Bigfoot has been a staple of American folklore since the 19th century. Many people are convinced that Bigfoot is real. Others suggest that he is a cultural phenomenon. Some just want to believe. There is even a group, the
Bigfoot Field Researchers Organization, that tracks Bigfoot sightings. And they have thousands of reports available online that date back to the late 19th century.
The Internet, it seems, has everything.
So, I took
this data, all 4,586 records of it, and used it to build a classifier. It was a good model with pleasing metrics. I liked it. But then what? For some folks, the model is where the work ends. But I'm a developer and that's only half the solution. I've got a model but how do I use it? How do I put it in an application so that a user can, well, use it?

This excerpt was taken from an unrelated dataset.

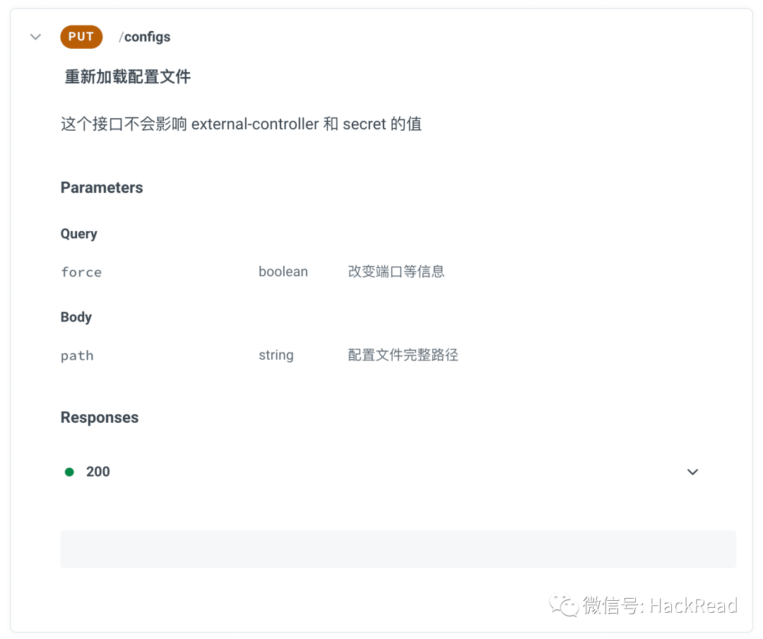 继续查阅RESTful API接口,发现某个API可以重新加载配置文件,这里倒是引起了注意力。
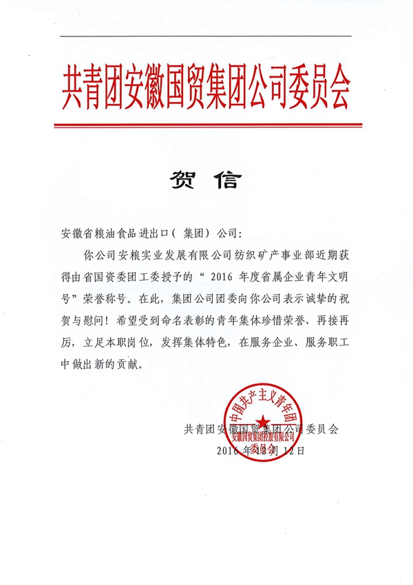 對(duì)于小伙伴們來說,家人們做出的犧牲成為了最堅(jiān)強(qiáng)的后盾,加上公司領(lǐng)導(dǎo)的關(guān)懷和鼓勵(lì),給了整個(gè)團(tuán)隊(duì)巨大的拼搏動(dòng)力,他們擼起袖子加油干,全心全意撲在工作上,最近流行的“996”對(duì)他們來說早就是家常便飯,即便是周日也隨時(shí)待命。在大家的共同努力下,短短幾年的時(shí)間,紡織品的年出口額從金融危機(jī)后的一千多萬美元上升到目前將近五千萬美元。2016年,安糧實(shí)業(yè)紡織品團(tuán)隊(duì)被省國(guó)資委團(tuán)工委評(píng)為“省屬企業(yè)青年文明號(hào)”,這也是安糧系統(tǒng)首個(gè)獲此殊榮的集體,辛勤的付出終于結(jié)出累累碩果。

I'm going to answer that question in this talk, and a bit more. I'll show you how I exposed my Bigfoot classifier to the Internet as a REST-based API written in Python. And we'll tour a couple of applications I wrote to use that API: a web-based application written in JavaScript and an iOS application written in Swift. For the model itself, I'll use DataRobot since it's quick and easy. And, I work there!
When we're done, you'll know how to incorporate a model into an API of your own and how to use that API from your application. And, since all my code is on GitHub, you'll have some examples you can use for your own projects. As a bonus, you'll have 4,586 Bigfoot sightings to play with. And who doesn't want that?